Given the above structure, our challenge now is to transfer it from its in memory binary format to a stream. The stream may be a physical file, memory stream even a network stream. The most important aspect of all the techniques that I will investigate here is that the resulting binary data format is consistent with the format expected by the reader.

After looking at the interface provided by the Stream class, from which all streams inherit, I came to the conclusion that I would have to convert the structure to a byte array (byte[]).

Again our first stop is the interop services provided by the .NET framework. The following piece of code will convert a structure to a byte[] that can then be written to a stream.
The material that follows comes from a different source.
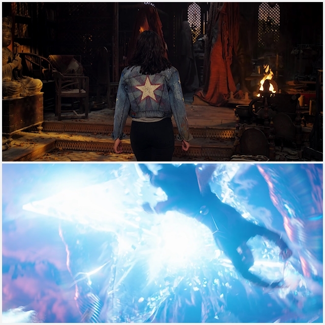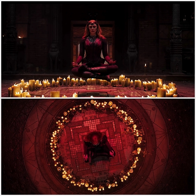 汪達化身緋紅女巫,漂浮在一圈蠟燭陣上方,似乎正在進行某種儀式。她的手指正在逐漸發黑,正如同《汪達幻視》結局阿嘉莎施法時一樣。值得注意的是,從其地面的圖騰和深厚的雕像,說明她所在的地方是卡馬泰姬至聖所的廣場。

DBFHeader hdr = new DBFHeader(); 
byte[] data = new byte[Marshal.SizeOf(hdr)];
unsafe
{
  DBFHeader *p = &hdr;
  Marshal.Copy( (IntPtr)p, data, 0, data.Length ); 
} 

This code requires that you compile with unsafe code allowed. This can be done either by supplying the /unsafe switch to the command line compiler or in the Visual Studio .NET project properties under Configuration Properties>Build, you can set the Allow Unsafe Code Blocks to True.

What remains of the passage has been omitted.